== WHAT IS BEING ASKED ==
Transcribe the full listing below, word for word, without pictures.

== INFORMATION SUPPLIED ==

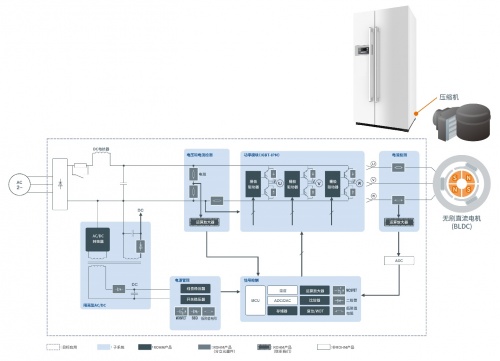 在新的超低溫冰柜設(shè)計(jì)中使用基于BLDC的壓縮機(jī)的好處是電源效率提高、自發(fā)熱量降低、功率因數(shù)校正。BLDC電機(jī)在將電能轉(zhuǎn)化為物理做功方面比感應(yīng)電機(jī)更高效。BLDC電機(jī)產(chǎn)生的熱量顯著降低,因此制冷系統(tǒng)中進(jìn)入的熱量更少,從而可實(shí)現(xiàn)更高效的冷卻。BLDC電機(jī)可以通過使用功率因數(shù)校正技術(shù)使其在功率因數(shù)為1的情況下運(yùn)行,從而降低視在功率的損耗。
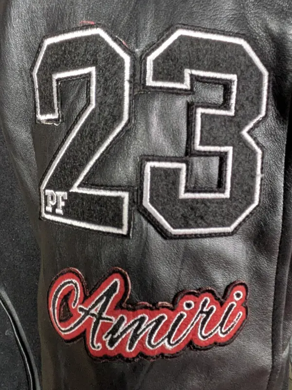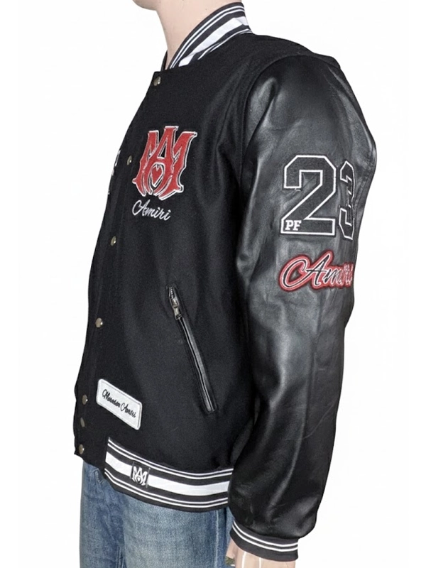 Amiri Logo-Patch Black and Red Varsity Jacket
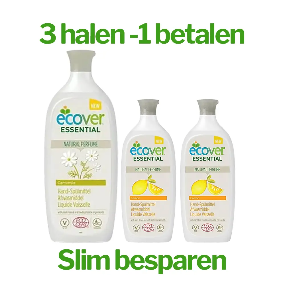Bespaar met Ecover Essential: 1× Kamille 1000 ml + 2× Citroen 500 ml gratis. Frisse, krachtige en duurzame afwas, één prijs, dubbel voordeel.
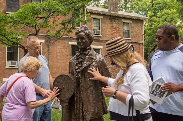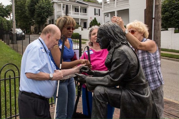 Schneider advertised the event, recruited friends and family as volunteer guides and used the $250 to rent a shuttle bus. On the day of the tour, approximately 25 people — plus some seeing-eye dogs — turned out for an up-close walking tour of various public sculptures around Covington.
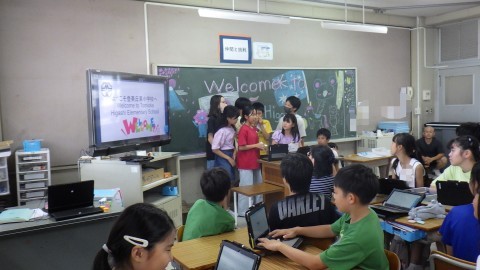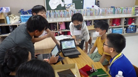 6年生は「ステンドグラスづくり」。さすがです。英語の準備もすばらしく,アレンジして手ぶり身振りも入れて説明していました。ここで役に立つのがタブレット。うまく使いこなしていました。

== EXERCISE ANSWER ==
 在新的超低溫冰柜設(shè)計(jì)中使用基于BLDC的壓縮機(jī)的好處是電源效率提高、自發(fā)熱量降低、功率因數(shù)校正。BLDC電機(jī)在將電能轉(zhuǎn)化為物理做功方面比感應(yīng)電機(jī)更高效。BLDC電機(jī)產(chǎn)生的熱量顯著降低,因此制冷系統(tǒng)中進(jìn)入的熱量更少,從而可實(shí)現(xiàn)更高效的冷卻。BLDC電機(jī)可以通過使用功率因數(shù)校正技術(shù)使其在功率因數(shù)為1的情況下運(yùn)行,從而降低視在功率的損耗。
 Amiri Logo-Patch Black and Red Varsity Jacket
Bespaar met Ecover Essential: 1× Kamille 1000 ml + 2× Citroen 500 ml gratis. Frisse, krachtige en duurzame afwas, één prijs, dubbel voordeel.
 Schneider advertised the event, recruited friends and family as volunteer guides and used the $250 to rent a shuttle bus. On the day of the tour, approximately 25 people — plus some seeing-eye dogs — turned out for an up-close walking tour of various public sculptures around Covington.
 6年生は「ステンドグラスづくり」。さすがです。英語の準備もすばらしく,アレンジして手ぶり身振りも入れて説明していました。ここで役に立つのがタブレット。うまく使いこなしていました。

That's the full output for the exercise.